For nested types, the nest (the function or method in which the type is declared) needs to be taken into consideration to differentiate types with the same name but different nests.

Nest type generic nest generic object object name
function <package>.<func name>:<type name>
function <package>.<func name>:<type name>[<nest args>;]
function <package>.<func name>:<type name>[<type args>]
function <package>.<func name>:<type name>[<nest args>;<type args>]
method <package>.<receiver name>:<method name>:<type name>
method <package>.<receiver name>:<method name>:<type name>[<nest args>;]
method <package>.<receiver name>:<method name>:<type name>[<type args>]
method <package>.<receiver name>:<method name>:<type name>[<nest args>;<type args>]
Name Specifics

The following are specifics about the different types of names that show up in the above table. This isn't the only way to represent this information. These names can get long but don't have to. The goal is to make the names as unique as possible whilst still ensuring that signatures in interfaces will still match the correct methods. The less unique the more false positives for alive will occur meaning more dead code is kept alive. However, too unique could cause needed alive code to not match and be eliminated causing the application to not run.
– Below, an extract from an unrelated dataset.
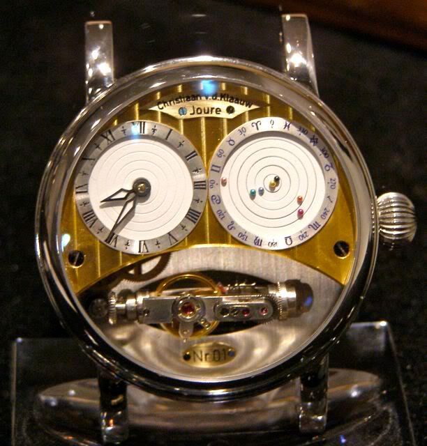 Christiaan van der Klaauw presenteerde een grote verrassing. In het diepste geheim is het team uit het atelier bezig geweest met het ontwerpen en de bouw van een complicatie waarvan ik altijd dacht dat Christiaan nooit zou uitbrengen, een Tourbillon. Het bijzondere is dat het een Tourbillon in staafvorm betreft. Als je dan ook nog deze complicatie in een kast zet waarin het Planetarium is verwerkt, dan kun je wederom spreken van een meesterstukje, Made in Holland.
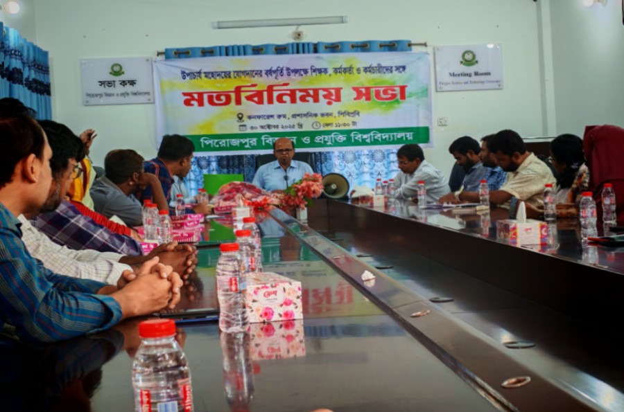 পিরোজপুর বিজ্ঞান ও প্রযুক্তি বিশ্ববিদ্যালয়ের (পিবিপ্রবি) মাননীয় উপাচার্য অধ্যাপক ড. মো. শহীদুল ইসলামের দায়িত্ব গ্রহণের বর্ষপূর্তি উপলক্ষে শিক্ষক, কর্মকর্তা ও কর্মচারীদের সঙ্গে এক মতবিনিময় সভা অনুষ্ঠিত হয়েছে।

<package>.<var name>, <package>.<func name>, <package>.<type name> and <package>.<receiver name> all have the same form. They are the package path followed by a ., if there is a package path, and the object name or receiver name. For example rand.Shuffle will be named math/rand.Shuffle. The builtin error will be named error without a package path.

<package>.<func name>[<type args>], <package>.<type name>[<type args>], and <package>.<receiver name>[<type args>] are the same as above except with comma separated type parameters or type arguments in square brackets. The type parameter names are not used, instead the constraint types are since the names for type parameters may not match even if the constraints match. For example type Foo[T any] struct{}; type Bar[B any] { f Foo[B] } has Foo[B] used in Bar that is identical to Foo[T] even though technically Foo[B] is an instance of Foo[T] with the B type parameter as the type argument.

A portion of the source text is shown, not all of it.